This is according to Garth Viljoen, a health and fitness expert from South Africa. He says that leaders and managers should exercise regularly and eat well if they are to deliver services to the public in a more effective way.
Viljoen was speaking on Friday after a one-week training of Makerere University administrative and academic staff at Imperia Botanical Beach Hotel in Entebbe.
The Makerere staff members were attending a three-day workshop on Leadership and Management Dynamics.
Viljoen says that regular exercises lead to good physical, mental, social, emotional and spiritual well-being, which in turn makes a person to do work more efficiently.
He recommends that observing one hour of exercises for at least three day per week is vital for every individual and especially a leader who wants to have good health. Garth says the exercise should be ongoing and take an absolute maximum of one hour per day.
Viljoen says many leaders spend a lot of public money going for treatment or go absent from work for many days because of diseases like high blood pressure, heart attacks, stress among others, which could be avoided if they exercised regularly and ate well.
He says people should have what he called a balanced exercise regime incorporating the use of the three system of the body i.e. cardio-vascular system, the muscular-skeletal system as well as the venous system in appropriate percentages.
Where is the link between exercises and good leadership/management?
“We need to take responsibility individually for our health. We realize that the better the physical body is equipped to meet the demands that are placed on it, the less likely that situations like stress, heart attacks, strokes will occur,” Viljoen says.
Apart from exercising regularly, Viljoen says those who want to be better leaders need to observe good nutrition practices because incorrect nutrition results into manifestation of diseases like cancer, diabetes, mental diseases like depression among other ailments.
“What is happening more and more today is that in conferences, meetings, government departments, because of the need to prepare quick meals, many individuals are compromising their health.
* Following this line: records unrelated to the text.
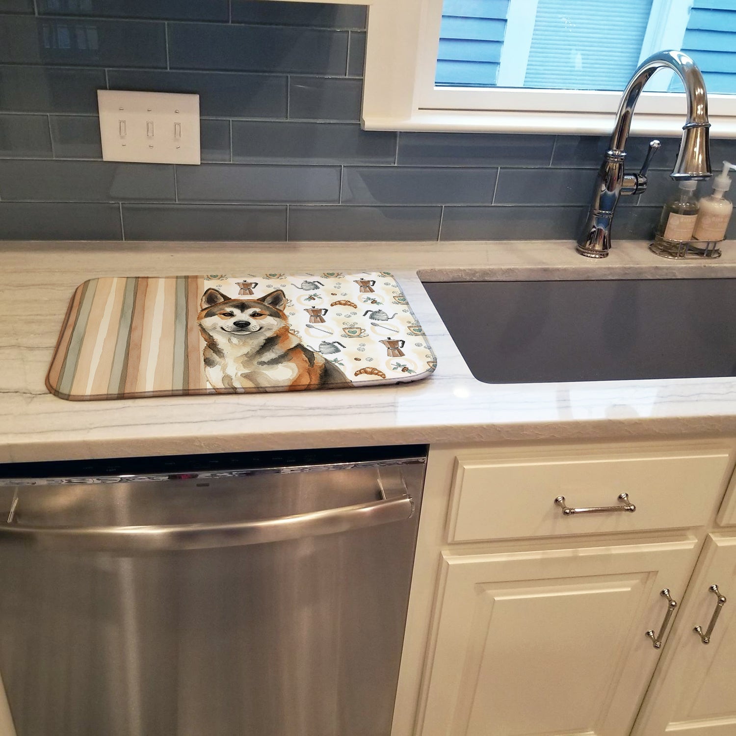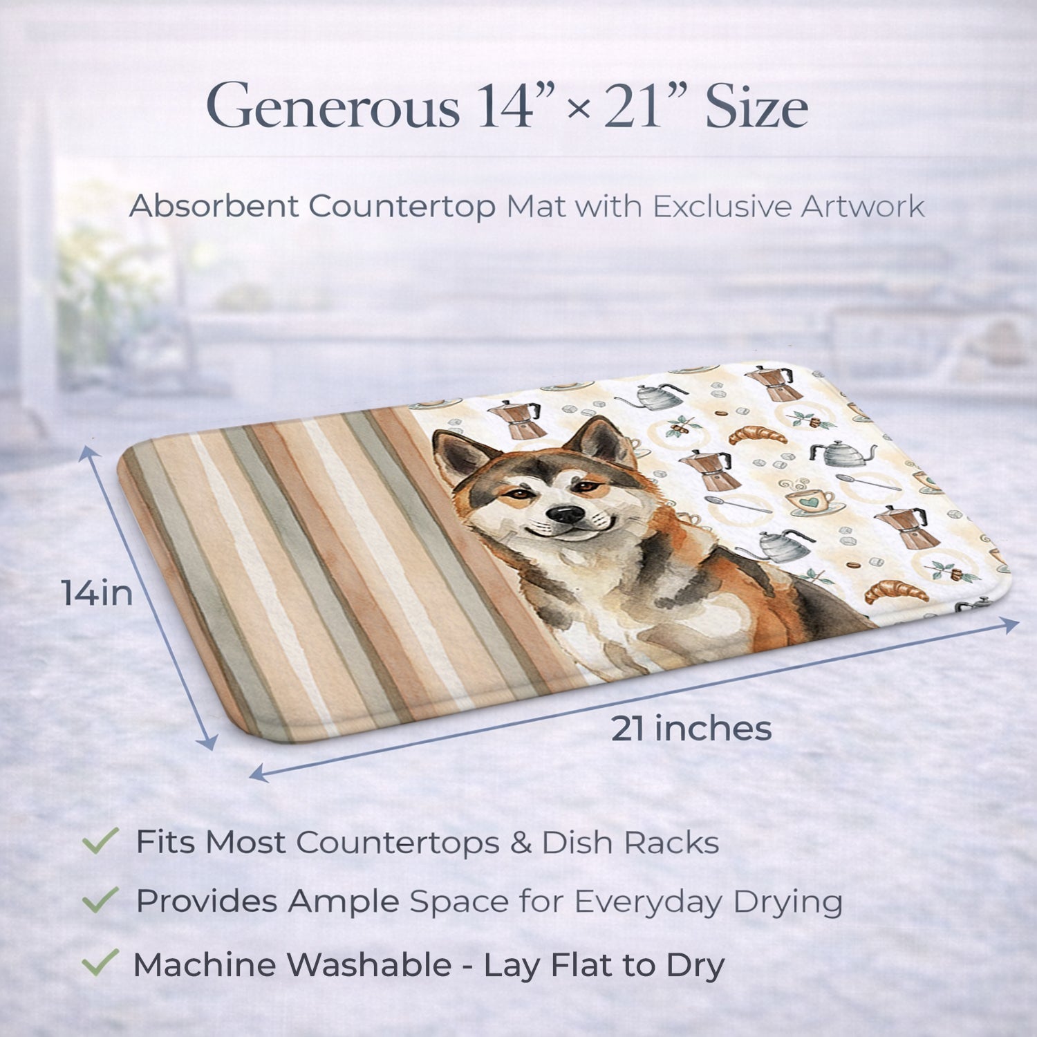Shown here is the Sesame Akita Coffee Bar Dish Drying Mat from Caroline's Treasures featuring artwork of a Akita in a Everyday design. The detailed illustration and vibrant colors make it a standout accent that celebrates both seasonal style and love for the subject. This image features a cozy watercolor coffee-themed pattern with illustrated mugs, moka pots, kettles, croissants, coffee beans, and sugar cubes arranged in a repeating design. Soft neutral tones with warm browns, creams, and subtle sage accents create an inviting, café-inspired look that feels comforting and relaxed. Everyday décor celebrates personal style and the small moments that make a house feel like home. Thoughtful designs add warmth and personality that can be enjoyed year-round. Say goodbye to messy countertops and soggy dish towels with our innovative dish drying mat. Our high-quality dish drying pad is designed to keep your countertops dry while offering a stylish and efficient solution. Whether you're air drying dishes, glasses, stemware, silverware, pots, pans, bottles, or even fruits and vegetables, our dish mat is the perfect choice. The 14 inches x 21 inches size fits most counters and dish drying racks, and the non-slip design ensures stability. Made with water-absorbent polyester and a polyurethane foam insert, our dish drying mat is not only functional but also durable. It's machine washable and printed in the USA for long-lasting use. The beautiful artwork adds flair to your kitchen decor, making it a perfect housewarming gift or present for any occasion. Upgrade your kitchen experience with our absorbent and versatile dish drying mat. Perfect for: Kitchen counters and sinks, everyday dish drying and countertop protection, Dogs-themed homes, or year-round use for Akita lovers. Akitas are powerful and dignified dogs known for their loyalty, strength, and calm confidence. Originating in Japan, this noble breed is deeply devoted to its family and respected for its protective instincts and quiet presence. Makes a heartfelt gift for: Akita owners, Dogs lovers, Everyday gifts, pet parents, friends who adore their Akita, or anyone celebrating Dogs.
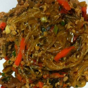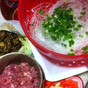 材料准备好,肉碎用酒,生粉,酱油调好备用,龙口粉丝用凉水泡软,捞起放干
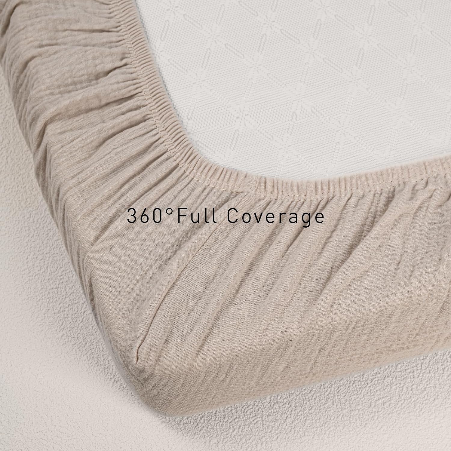 - MUSLIN COTTON: Are you looking for the perfect baby bed sheets? Look no further than our Gllquen Baby pack and play sheets! Made with 100% muslin cotton, these baby sheets have excellent air permeability and moisture-absorbing properties that keep your baby's skin dry and comfy, providing comfortable care and a good night's sleep. Rest assured, every product meets the OEKO-TEX Standard 100 and is safe for babies
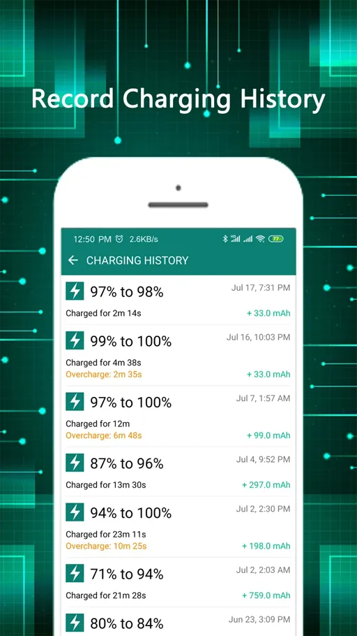 - سجل الشحن : من خلال هذه الأداة بعد تحميل تطبيق Super Charging Pro Master مهكر سوف تستطيع الوصول إلى تاريخ شحن البطارية وتحليل نمط الشحن مع سجل كامل على مدار الأيام, سيوفر ذلك مراقبة مباشرة لحالة البطارية الفعلية وأسباب إستهلاكها في أوقات مٌعينة بشكل غير طبيعي.
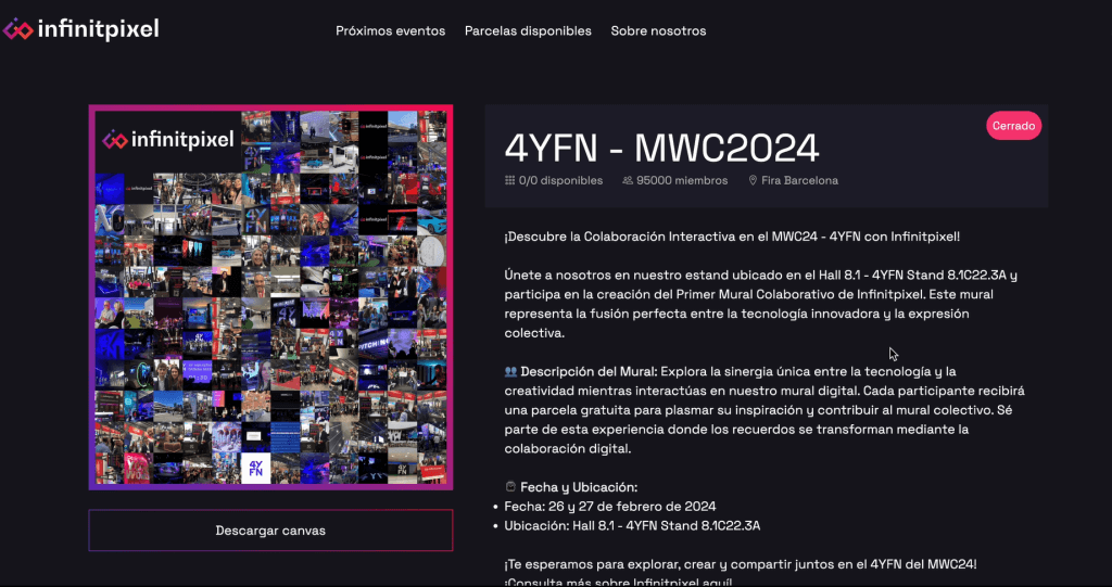 Infinit pixel es una innovadora plataforma que permite a los administradores crear murales digitales colaborativos. A través de la plataforma, los participantes de eventos pueden registrarse, adquirir parcelas y subir sus fotos, contribuyendo así a la creación de un mural único y compartido. Este servicio es particularmente atractivo para organizadores de eventos y comunidades que buscan fomentar la participación y el reconocimiento de sus miembros.
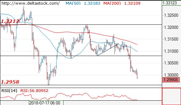 日内支撑:1.2960、1.2840;本周支撑:1.2960、1.2770
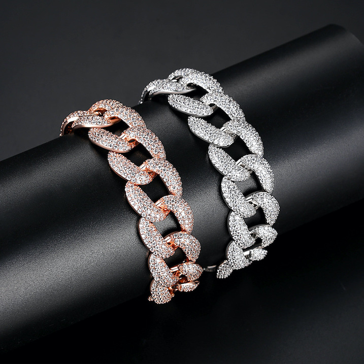 Brass Jewelry 18mm Cubic Zirconia Cuban Links Bracelet
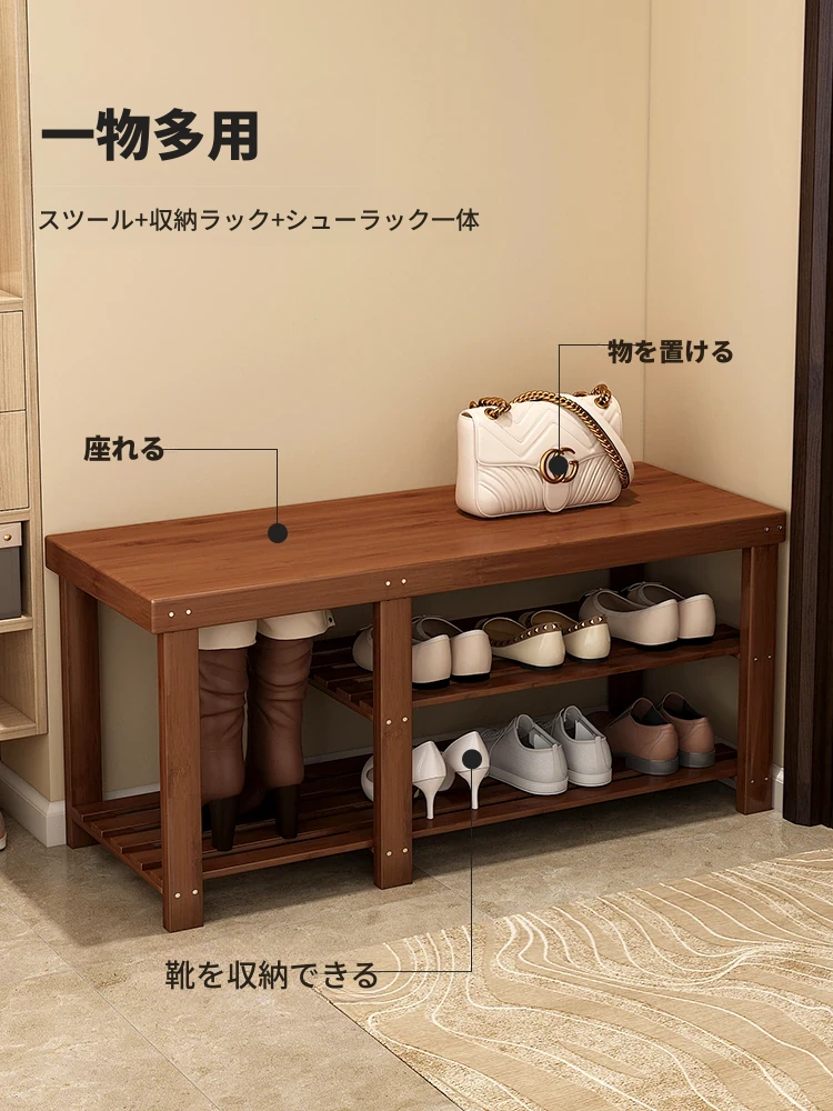 多層収納が可能!入居時に便利な厚手のバンブーシューズラック - 家庭用玄関に最適、座れるデザインで使いやすさ抜群!

Some do it because they opt for foods that satisfy the palate, like candy, cakes, refined foods, high sugar foods and soft drinks, but have a high concentration of carbohydrates. They are not good for your body,” Viljoen advises.
He says people should instead eat unsaturated carbohydrates found in foods like potatoes, matooke and yam, among other foods, and take a lot of vegetables, fruits and fish.
The expert from the South Africa based leadership and management consulting firm, Vision Quest Africa, says that apart from the positive impact of exercises and good nutrition to a leader at the work place, if a leaders is healthier, he or she can contribute more positively to their families and society as a whole.
“If you are a better leader, you are less stressed, can have good quality relationships, be at peace, the better you are at things like team work, cooperation which are at the heart of our organizations and departments,” Viljoen says.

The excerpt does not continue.